TASK INPUTS
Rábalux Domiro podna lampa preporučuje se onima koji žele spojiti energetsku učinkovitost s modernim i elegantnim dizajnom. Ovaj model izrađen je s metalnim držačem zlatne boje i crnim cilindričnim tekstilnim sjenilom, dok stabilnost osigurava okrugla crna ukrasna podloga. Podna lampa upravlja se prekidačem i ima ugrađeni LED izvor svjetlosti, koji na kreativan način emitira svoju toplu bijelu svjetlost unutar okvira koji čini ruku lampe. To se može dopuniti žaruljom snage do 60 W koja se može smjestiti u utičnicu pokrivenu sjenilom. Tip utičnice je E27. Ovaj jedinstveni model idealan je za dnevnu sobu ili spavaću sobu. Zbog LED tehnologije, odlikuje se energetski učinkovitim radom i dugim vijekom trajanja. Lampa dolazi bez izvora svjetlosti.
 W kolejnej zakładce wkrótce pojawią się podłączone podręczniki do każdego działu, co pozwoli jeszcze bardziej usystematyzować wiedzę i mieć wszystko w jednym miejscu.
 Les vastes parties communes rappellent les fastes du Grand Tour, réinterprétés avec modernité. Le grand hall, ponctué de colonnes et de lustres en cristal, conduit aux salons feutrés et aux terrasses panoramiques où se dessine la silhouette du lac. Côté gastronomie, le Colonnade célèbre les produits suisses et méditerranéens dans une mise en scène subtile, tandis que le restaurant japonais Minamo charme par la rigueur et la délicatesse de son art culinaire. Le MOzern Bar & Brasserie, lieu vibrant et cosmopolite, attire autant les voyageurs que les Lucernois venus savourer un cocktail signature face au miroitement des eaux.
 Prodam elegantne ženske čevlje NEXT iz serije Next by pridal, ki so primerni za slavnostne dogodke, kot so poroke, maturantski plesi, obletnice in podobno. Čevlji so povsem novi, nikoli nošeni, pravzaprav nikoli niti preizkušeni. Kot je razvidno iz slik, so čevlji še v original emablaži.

--

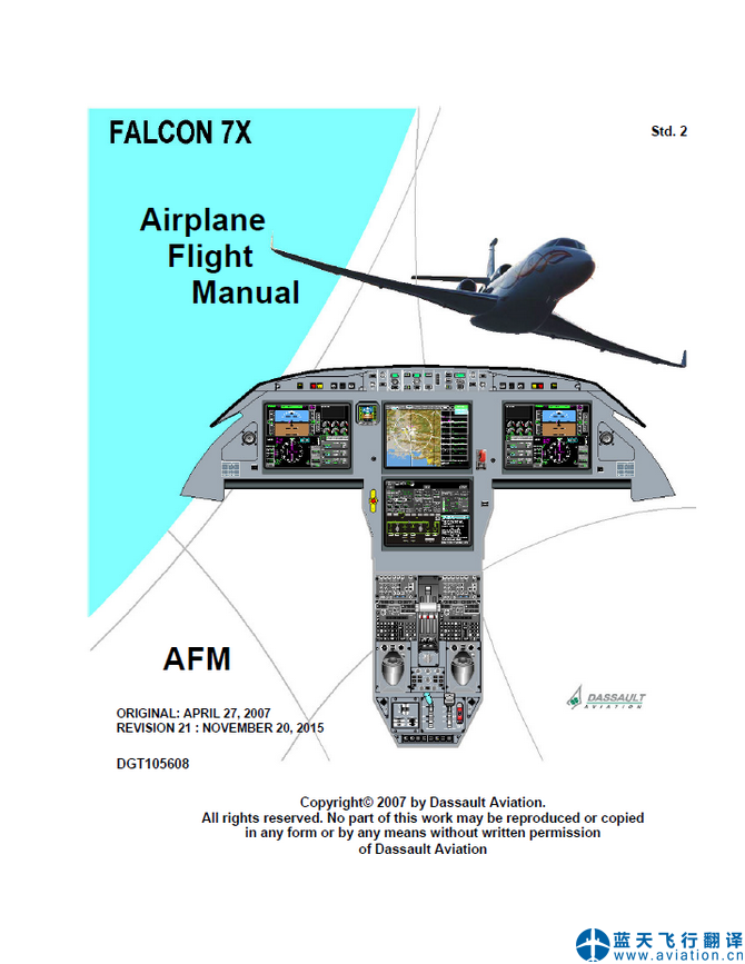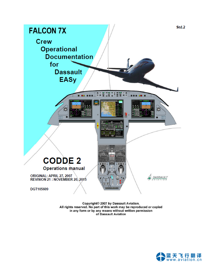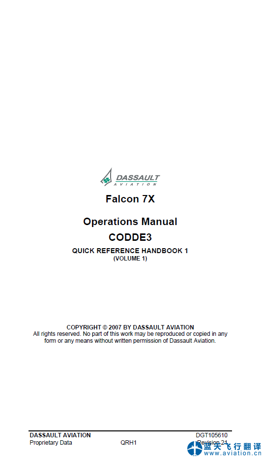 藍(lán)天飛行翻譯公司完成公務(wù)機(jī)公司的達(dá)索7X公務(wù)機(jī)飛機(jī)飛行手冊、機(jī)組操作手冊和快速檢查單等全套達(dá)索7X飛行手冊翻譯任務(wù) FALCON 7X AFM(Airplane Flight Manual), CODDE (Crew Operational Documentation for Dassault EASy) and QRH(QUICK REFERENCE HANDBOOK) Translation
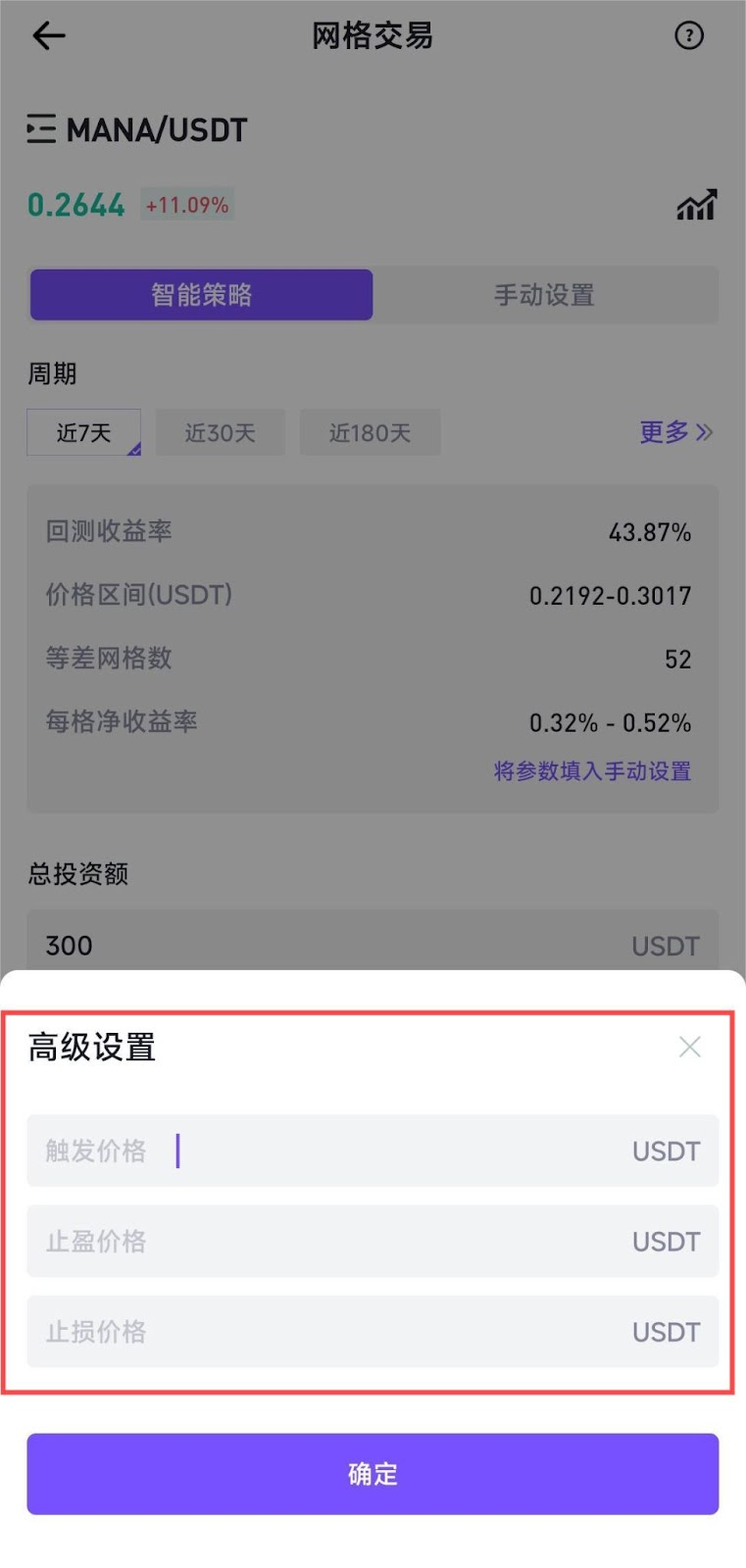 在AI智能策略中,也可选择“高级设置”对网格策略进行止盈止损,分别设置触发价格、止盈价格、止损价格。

YOUR OBJECTIVE
For this task, write out exactly the lines of the entries above, starting at the line with "W kolejnej zakładce" and ending at the line with "Prodam elegantne ženske", both included, and no others.

RESPONSE FOR THIS EXERCISE
 W kolejnej zakładce wkrótce pojawią się podłączone podręczniki do każdego działu, co pozwoli jeszcze bardziej usystematyzować wiedzę i mieć wszystko w jednym miejscu.
 Les vastes parties communes rappellent les fastes du Grand Tour, réinterprétés avec modernité. Le grand hall, ponctué de colonnes et de lustres en cristal, conduit aux salons feutrés et aux terrasses panoramiques où se dessine la silhouette du lac. Côté gastronomie, le Colonnade célèbre les produits suisses et méditerranéens dans une mise en scène subtile, tandis que le restaurant japonais Minamo charme par la rigueur et la délicatesse de son art culinaire. Le MOzern Bar & Brasserie, lieu vibrant et cosmopolite, attire autant les voyageurs que les Lucernois venus savourer un cocktail signature face au miroitement des eaux.
 Prodam elegantne ženske čevlje NEXT iz serije Next by pridal, ki so primerni za slavnostne dogodke, kot so poroke, maturantski plesi, obletnice in podobno. Čevlji so povsem novi, nikoli nošeni, pravzaprav nikoli niti preizkušeni. Kot je razvidno iz slik, so čevlji še v original emablaži.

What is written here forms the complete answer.